Imhof M O, Rusconi S, Lezzi M
Institute for Cell Biology, ETH Hönggerberg, Zürich, Switzerland.
Insect Biochem Mol Biol. 1993 Jan;23(1):115-24. doi: 10.1016/0965-1748(93)90089-b.
We have cloned a cDNA sequence coding for a Chironomus tentans steroid hormone receptor homologue which exhibits extensive amino acid sequence co-linearity with the ecdysteroid receptor of Drosophila melanogaster (dEcR; cell 67, 59-77). The DNA-binding domain has 95% and the hormone-binding domain 75% amino acid sequence identity with the cloned dEcR. The gene for this C. tentans protein is located on chromosome II, region 17C, as determined by in situ hybridization to polytene chromosomes of salivary glands. On Northern blots cDNA probes of the cloned gene hybridize to polyadenylated RNA of ca 4.2 kb. The expression of the cloned gene seems to be developmentally regulated and correlates to changes in ecdysteroid titer. Transfection of this C. tentans protein into D. melanogaster Schneider's line 2 cells leads to transcriptional interference with endogenous dEcR on an ecdysteroid-regulated promoter.

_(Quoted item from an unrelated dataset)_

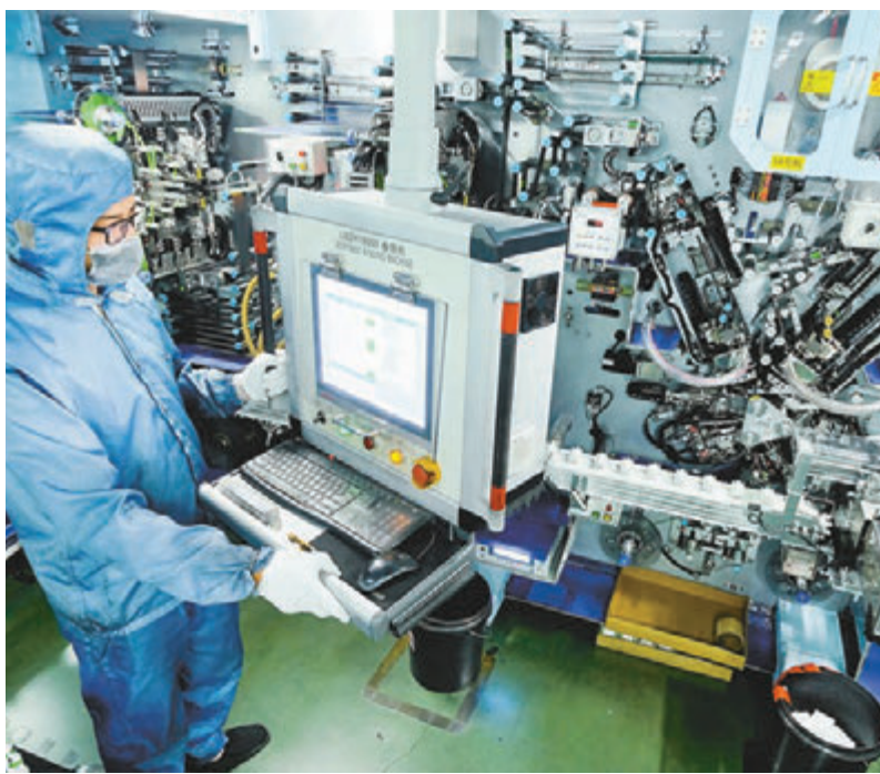
图：江苏盐城一家制造型企业内的生产景象。

此外，对于近期人民币汇率下滑，刘爱华分析，人民币汇率主要受到美国加息的影响，中长期来看，近一个月主要货币的贬值态势与人民币走势基本一致。中长期则回归到基本面，目前中国经济运行总体平稳，有利于人民币汇率在合理均衡的水平上保持基本稳定。

我们克隆了一段编码摇蚊类固醇激素受体同源物的cDNA序列,该同源物与黑腹果蝇的蜕皮甾体受体(dEcR;细胞67,59 - 77)表现出广泛的氨基酸序列共线性。其DNA结合结构域与克隆的dEcR具有95%的氨基酸序列同一性,激素结合结构域具有75%的氨基酸序列同一性。通过与唾液腺多线染色体的原位杂交确定,这种摇蚊蛋白的基因位于二号染色体的17C区域。在Northern印迹上,克隆基因的cDNA探针与约4.2 kb的聚腺苷酸化RNA杂交。克隆基因的表达似乎受发育调控,且与蜕皮甾体滴度的变化相关。将这种摇蚊蛋白转染到黑腹果蝇施耐德2号线细胞中,会导致对蜕皮甾体调节启动子上内源性dEcR的转录干扰。